La fête du pur-sang arabe

L’hippodrome de Riyad, jusque-là réservé aux courses de pur-sang anglais du royaume saoudien, a accueilli pour la première fois cette saison des épreuves pour les chevaux arabes. Alors que tout le microcosme hippique converge sur la capitale saoudienne pour la grande réunion de la Saudi Cup ce samedi, le pur-sang arabe sera également de la fête avec la Obayia Cup, une épreuve disputée sur les 2.000m de la piste en dirt. Quatre chevaux entraînés par des Français seront au départ.

Entraînés respectivement par Antoine de Watrigant et Élisabeth Bernard, Aoun (Mahabb) et Hajres (Nizam) ont fait leur rentrée sur la fibrée paloise fin janvier, le deuxième dominant le premier. Ils découvrent la piste en dirt mais peuvent tous les deux se prévaloir d’avoir gagné au niveau Groupe PA sur la piste en sable de Casablanca, ce qui devrait les aider dans leur tâche. Venus des Émirats arabes unis voisins, Ziyadd (Bibi de Carrère), entraîné par Jean de Roualle, reste sur un succès sur le dirt de Meydan à l’occasion du Round 2 de l’Al Maktoum Challenge (Gr1 PA), devançant notamment la pensionnaire d’Éric Lemartinel Amwaj (Abu Alemarat), troisième. Reste que Ziyadd a hérité du numéro dans les stalles le plus à l’extérieur.

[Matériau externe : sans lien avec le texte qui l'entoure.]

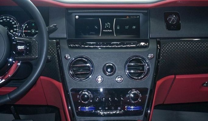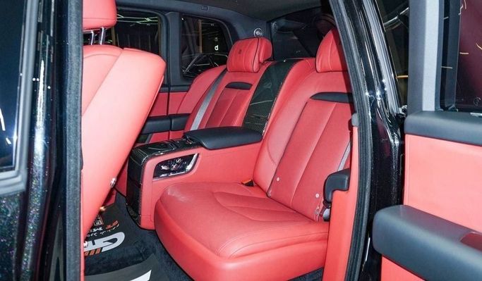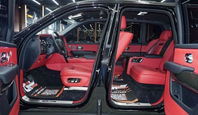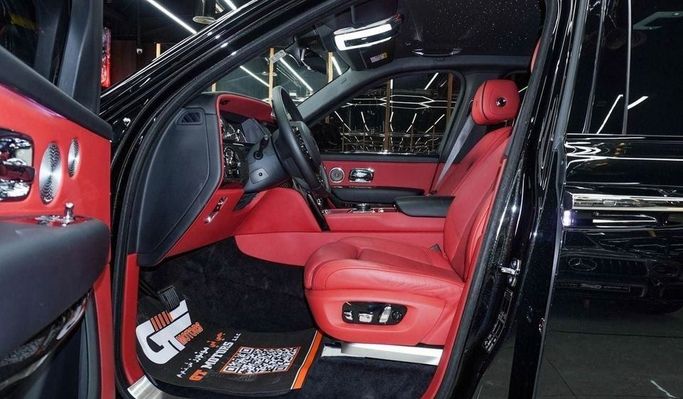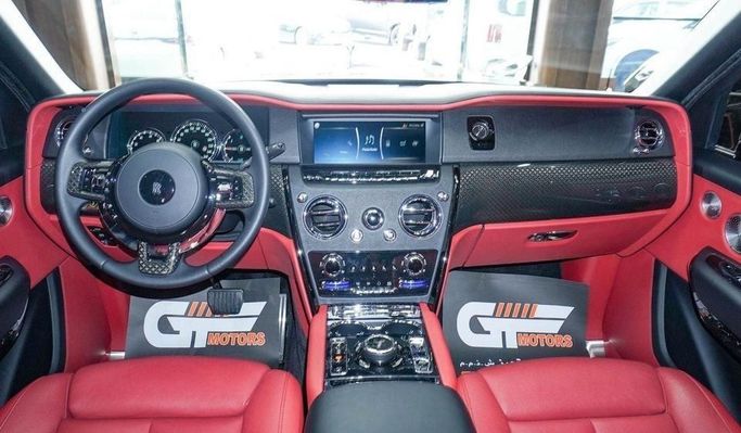Used Rolls-Royce Cullinan for sale in Dubai. Black 2020 model, available at Najem Motors FZE. This car has automatic transmission, a 8 cylinder engine, 22″ wheels and red interior. 12,000 km, European specs.

La coalition saoudienne. Le 22 janvier dernier se tenait la première édition de la Prince Sultan World Cup (Gr1 PA) sur l’hippodrome privé du prince Sultan bin Abdulaziz, propriétaire d’Al Khalediah Stables. Dans une arrivée disputée, Mubasher Al Khalediah (Laith Al Khalediah) s’imposait devant son contemporain Mutawakel Al Khalediah (Laith Al Khalediah) tandis que Shabah (Amer) terminait troisième après avoir mené jusqu’à mi-ligne droite. Ces trois-là se retrouvent sur un peu plus long cette fois. Lauréat de l’édition 2018 de la Dubai Kahayla Classic (Gr1 PA) puis cinquième de l’édition 2019, Tallab Al Khalediah (Jalood Al Khalidiah) n’a pas été revu depuis le 30 mars dernier. À 9ans, il fait sa grande rentrée ici. Portant les couleurs saoudiennes d’Athbah Racing, Mehdaaf Athbah (Amer) a déçu (11e) dans la Prince Sultan World Cup (Gr1 PA) mais il sera confié à Olivier Peslier. Son compagnon de couleurs et d’entraînement Mashhur Al Khalediah (Jalnar Al Khalidiah) retrouve, lui, Jean-Bernard Eyquem, avec qui il a remporté le Sheikh Zayed bin Sultan Al Nahyan Jewel Crown (Gr1 PA) sur le gazon d’Abu Dhabi fin novembre. Enfin, l’inconnue reste la jument Wathabath Al Khalediah II (Laith Al Khalediah), qui restait sur huit victoires d’affilée dans une catégorie de courses dite "desert bred" avant d’avoir été non partante le 20 février. Elle passe un test ici.